Carlos Federico López Restrepo (born 1975) is a Colombian-American scientist who researches network-driven biological processes using computational tools. Until March 2022, López was a tenured Associate Professor of Biochemistry & Pharmacology & Biomedical Informatics & Mechanical Engineering at Vanderbilt University. He is currently a Principal Scientist and the Multiscale Modeling Lead at Altos Labs.

Early life and education 
López was born in Bogotá, Colombia. He graduated from Colegio San Carlos, a primary and secondary private Catholic school in Bogotá.

López graduated from University of Miami with a B.Sc. in Chemistry and Biochemistry, and a B.L.A. in Liberal Arts in 1998. In 2004 he obtained a Ph.D. in Physical Chemistry under the supervision of Michael L. Klein in the University of Pennsylvania. He was also postdoctoral fellow in chemistry at the Center for Computational Molecular Sciences of the University of Texas at Austin and research fellow in systems biology at the Harvard Medical School.

Career 
López lead a namesake laboratory in Vanderbilt University in the department of biochemistry with the goal of “developing and applying numerical, modeling, and statistical methods to understand cellular processes and their dysregulation.” 
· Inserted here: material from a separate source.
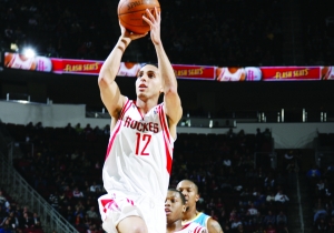 1月15日,火箭球员在比赛中投篮。当日,火箭在主场加时以105比110不敌黄蜂。大将马丁复出,拿下了26分。凯尔-洛瑞28分、6个篮板和7次助攻。

Under his 2019 National Science Foundation CAREER award López investigated the underpinnings for essential biochemical processes. In 2017 he was named Vanderbilt’s liaison to Oak Ridge National Laboratory.

López has published more than forty papers and has done numerous presentations in academic and scientific conferences. His work has been cited in thousands of publications.

In 2021 López was promoted to the rank of Associate Professor (with tenure) at Vanderbilt University. In 2022, López moved to Altos Laboratories to study cellular processes associated with aging.

Software development 
The López lab has contributed to various software tools used in systems biology including:

 PySB a modeling framework to encode cellular biochemical processes in Python. 
 PyDREAM a Python implementation of the DREAM algorithm for Bayesian parameter inference.
 MAGINE a modeling framework for multi-omics data integration. 
 PyViPR a visualization tool for dynamic biochemical processes with automated network resolution representation. 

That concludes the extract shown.